I hadn’t thought about all this when I had open Club 66. The double doors were wide but no higher than usual. I was human at the time. I didn’t understand how much my waitresses—a harpy and a troll—had to twist themselves to move behind the bar and between the tables…
The architect considered the staircase leading down to the club. “I’m not sure I understand. Do you want the stairs to be wider?”
“No. Give it more height. I have several employees and a lot of really tall customers…”
“You have eight feet under the ceiling on these stairs.”
“Exactly. Isn’t ten possible? Same for the door at the bottom of the stairs.”
This time, the architect considered me as if I had two heads—which was not the case. And he couldn’t see the large raven wings sticking out above my shoulders. Maintaining an illusion in front of humans had become second nature since Odin had stuck these wings in my back.

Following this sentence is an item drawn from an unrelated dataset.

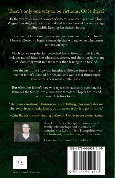 The sheltered eldest daughter of a Quiverfull family.Her naive new stepmother.The patriarch who controls them both. Isolated from the world except for their insular church community, Hope Wagner has little exposure to anything outside of her father's beliefs. That changes when he marries the worldly newcomer to their church. Jennifer Levine always wanted a large, close-knit family that lives according to the traditional values portrayed in her beloved historical novels. But after her marriage to Michael, a handsome widower at her new church, Jennifer's life becomes a nightmare of inadequacy and futility as she tries to embody her husband's idea of a virtuous woman. Michael Wagner will stop at nothing to ensure his wife and daughters fulfill their God-given roles as helpmeets and mothers, and does everything in his power to eliminate the dangerous ideas his new wife has introduced into his family. When Jennifer rejects Michael's authority over her, she launches the family into a crisis. Now, to escape the future her father has planned for her, Hope must find the courage to leave the only world she's ever known and pursue a life she's never been given the tools to manage. This emotional and eye-opening book shows the reality of Christian patriarchy, and the terrible price paid by women who have no choice but to be virtuous.

The architect slowly descended the stairs. I followed him. Five steps before I reached the bottom, the top of my wings hit the ceiling. As usual.
The architect was now inspecting the double door that opened onto the bar-room. “I guess we can extend the opening up to the ceiling,” he says. That should bring you to ten feet. But you’ll need custom-made doors, and at the moment, it might be a bit complicated…
The biggest disaster in Vegas’ history had occurred a few days earlier. A block in the busiest part of the city had exploded. Reduced to ashes by a magical detonation. Of course, the authorities had not uttered the word “magic.” Nor “ley lines.” Officially, it was a gas leak. An army of workers toiled day and night clearing the site, and all the local contractors had their order books full. Vegas lived fast and refused to waste time—and, therefore, money. The city had to rebuild, to get the tourists back, and to reassure the public.
But the rumors were anything but reassuring.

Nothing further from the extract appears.